Anyone who has been paying attention to 401(k) plan litigation these past several years knows that a common trigger—perhaps the most common trigger—for litigation is the presence of company stock in the plan; more specifically, the presence of company stock that has sharply declined in value. Indeed, one has only to look at the two-month period following the struggle to contain the current oil spill in the Gulf of Mexico and the number of litigants and potential litigants circling the BP 401(k) plans to appreciate just how much more aggressive the plaintiffs’ bar has become in pursuing such actions.
That said, those who have been paying attention to how these cases have played out in court are doubtless aware that many, perhaps most, are not coming to trial at all. Rather, they have been dismissed with what, IMHO, is startling regularity, due to a “presumption of prudence.”
Now, one needn’t scour ERISA’s text to discern the boundaries of this legal construct; indeed, that would be a futile effort. Rather, it is a concept gleaned by the courts (and subsequently enshrined in legal precedent) from their understanding of the black letter of the law. It is a concept that found its footing in a 1995 case called Moench v. Robertson. Now, in that case, as in many of the new generation of “stock drop” cases (drawing their name from the fact that the action arises after the value of the stock drops), a plan participant sued a plan committee for breaching its fiduciary duty based on its continued investment in employer stock after the employer's financial condition “deteriorated.” The Moench court (the 3rd Circuit) affirmed the duty of prudence, but looked to ERISA’s diversification requirement and the allowances made for employer stock holdings in an employee stock ownership plan (ESOP), and saw there a rebuttable presumption that an ESOP fiduciary that invested plan assets in employer stock acted consistently with ERISA (bearing in mind that, since Moench dealt with an ESOP, the plan document itself called for investment primarily in employer securities).

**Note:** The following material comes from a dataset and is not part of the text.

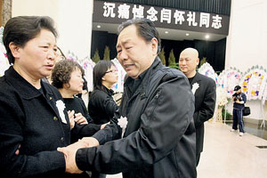 “有事給我打電話!薄疤粕边t重瑞強(qiáng)忍悲痛,對著閆懷禮遺孀馮女士,做了個打電話的手勢。

Now, I will admit to being something of a strict constructionist in my interpretation of the law. I am suspicious of those who manage to, through some jurisprudential alchemy, wrest unexpected (and likely unintended) legal conclusions by reading between the lines of the letter of the law. Further, I am generally distrustful of a process that builds on those kinds of legal “extensions” to base future determinations that are, IMHO, often far afield from the intentions of the law itself. After all, once you have established that 2 + 2 = 5, how hard is it to argue that 2 + 5 = 10?

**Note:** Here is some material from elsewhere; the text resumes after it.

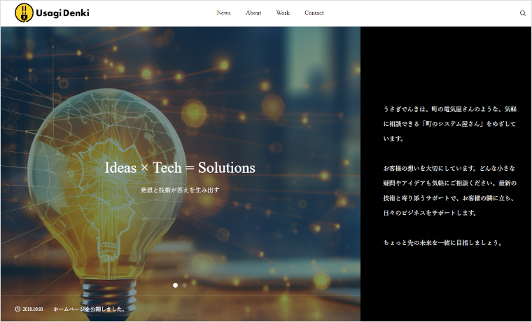 The horizontally scrolling theme HORIZON has been adopted for the website of Usagi Denki.

Ironically—certainly in view of how the resulting Moench presumption has proven to be a powerful force in dismissing many of the stock drop cases at the pleading level—though the 3rd Circuit found a presumption of prudence, it reversed summary judgment for the committee/defendants because the facts alleged (precipitous drop in stock prices, committee members' knowledge of the impending collapse, and their conflicted loyalties as corporate insiders and fiduciaries), if proven, could overcome the presumption. And that finding came in the context of an ESOP, a plan design that, if not exempt from ERISA’s fiduciary strictures, would certainly seem to warrant a certain reasonable amount of fiduciary deference in the decision to hold employer stock.
That said, today the law of the land would seem to lie squarely on the side of plan fiduciaries who continue to hold out employer stock as a plan investment, come hell or high water (literally, in some cases). In effect, this “presumption of prudence” seems to have become a magic talisman against which no claim of malfeasance can be successfully alleged, much less established, simply because the courts have discovered (a cynic might say created) a presumption that holding employer stock is appropriate.

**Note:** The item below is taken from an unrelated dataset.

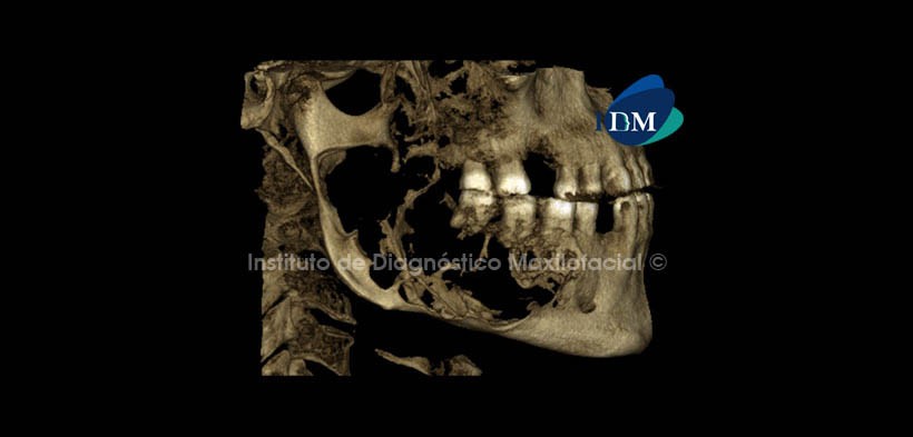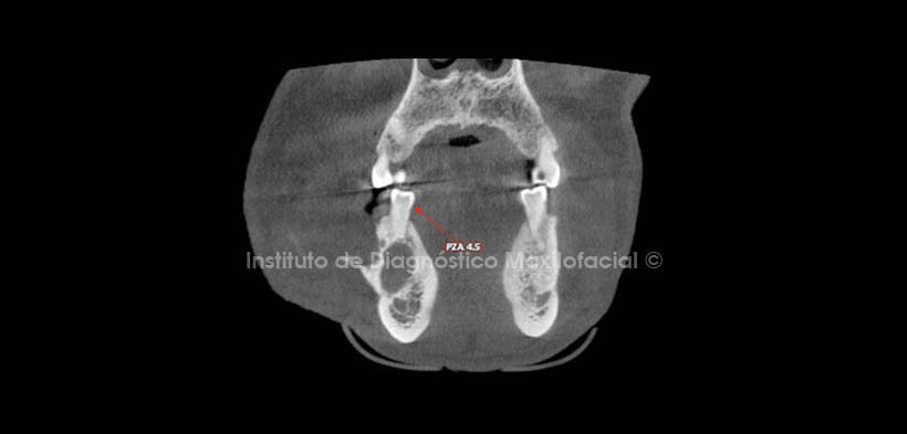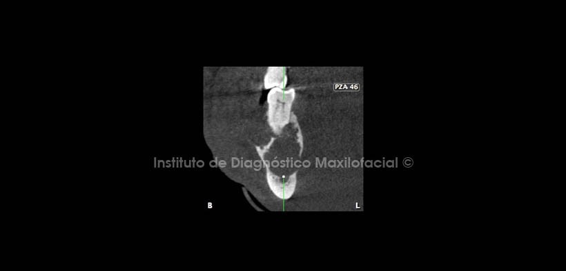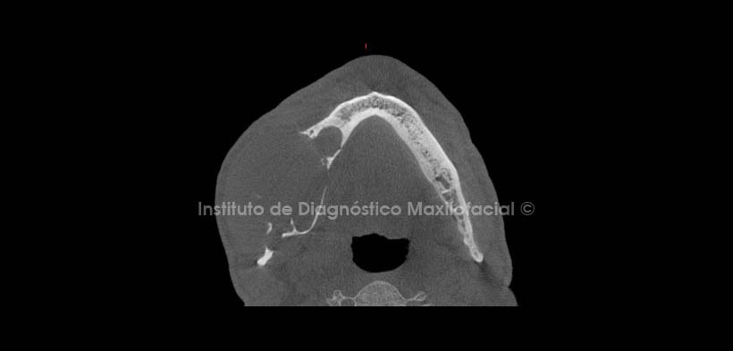 A la evaluación de la tomografía volumétrica cone beam en corte axial observamos expansión de las tablas óseas vestibular y lingual, las cuales muestran zonas de adelgazamiento y zonas de erosión de cortical. Se observa además aumento de volumen en tejidos blandos. (figura 2)

Plan fiduciaries have long been tempted by the allure of placing employer stock in these programs, and plan participants have, in large part, responded favorably1. Frankly, I find the rapaciousness of the plaintiffs bar on such matters to be unseemly at best—some downright unscrupulous—and many of the so-called “investigations” are nothing more than a fig-leaf-cloaked excuse to troll for potential litigants. Disaster can befall the best of firms, and stock prices sometimes tumble for reasons that have nothing to do with the fiduciary management of these plans.
That doesn’t mean that plan fiduciaries can pretend that they do not know things they clearly know as corporate fiduciaries; nor, as a recent amicus brief filed by the Labor Department on the broadening application of the Moench decision states, should the securities laws “immunize fiduciaries who knowingly incorporate false SEC filings into participant communications from liability under ERISA” (see “Solis Argues for Stock Drop Case Law Change”).
In this day and age, a plan fiduciary unable to see the potential for employer-security-related litigation is perhaps unworthy of the role; and, IMHO, a dual-role plan/corporate fiduciary unable to appreciate the potential for a conflicted duty vis-à-vis his or her responsibility to the retirement plan is living in a state of active denial.
As for those not yet targeted by litigation, thus far the courts may have presumed that plan fiduciaries are entitled to a certain deference in such matters—but, IMHO, that’s stretching the letter of the law.
—Nevin E. Adams, JD
1 Nor, as some like to posture, are participants necessarily bludgeoned into investing disproportionately large sums of their retirement savings there. Sure, the match accounts for some, and perhaps displaced loyalty some more, but I have found that participants are simply more familiar—and comfortable—with that option.